Records provided:
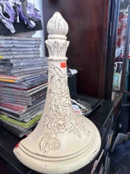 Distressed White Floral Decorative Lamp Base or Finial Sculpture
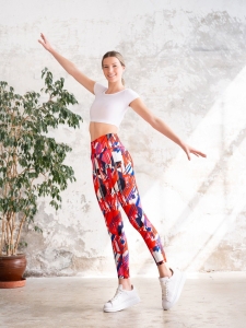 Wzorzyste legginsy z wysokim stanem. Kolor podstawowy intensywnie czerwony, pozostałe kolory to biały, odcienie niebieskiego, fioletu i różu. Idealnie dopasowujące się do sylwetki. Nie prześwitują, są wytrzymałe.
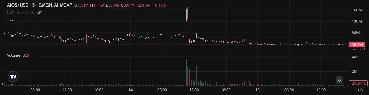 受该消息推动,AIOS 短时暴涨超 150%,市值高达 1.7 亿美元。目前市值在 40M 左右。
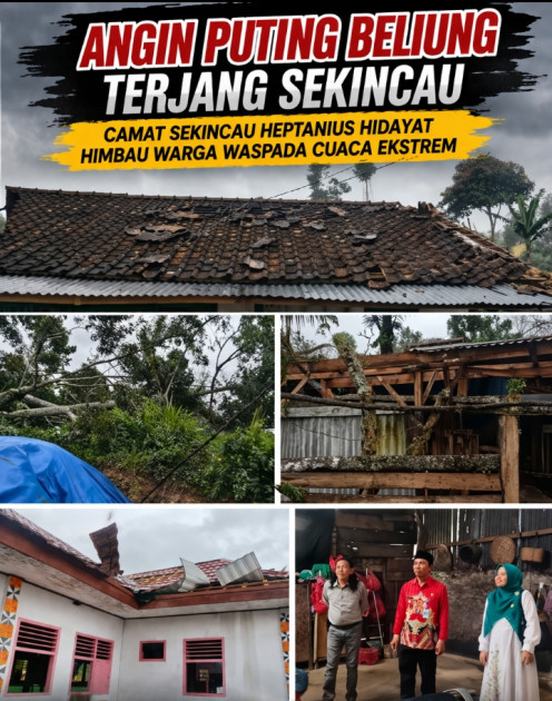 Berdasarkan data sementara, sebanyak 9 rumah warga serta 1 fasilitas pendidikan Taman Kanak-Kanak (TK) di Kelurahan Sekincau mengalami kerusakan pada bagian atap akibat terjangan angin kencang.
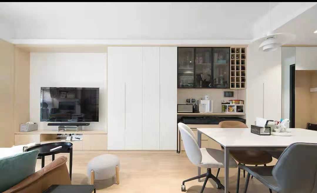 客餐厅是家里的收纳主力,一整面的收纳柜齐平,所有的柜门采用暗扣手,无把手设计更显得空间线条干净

Your objective: With the pictures left out, please output each line from the one containing "Berdasarkan data sementara, sebanyak" through the end of the entries, exactly as it is.

Your response:
 Berdasarkan data sementara, sebanyak 9 rumah warga serta 1 fasilitas pendidikan Taman Kanak-Kanak (TK) di Kelurahan Sekincau mengalami kerusakan pada bagian atap akibat terjangan angin kencang.
 客餐厅是家里的收纳主力,一整面的收纳柜齐平,所有的柜门采用暗扣手,无把手设计更显得空间线条干净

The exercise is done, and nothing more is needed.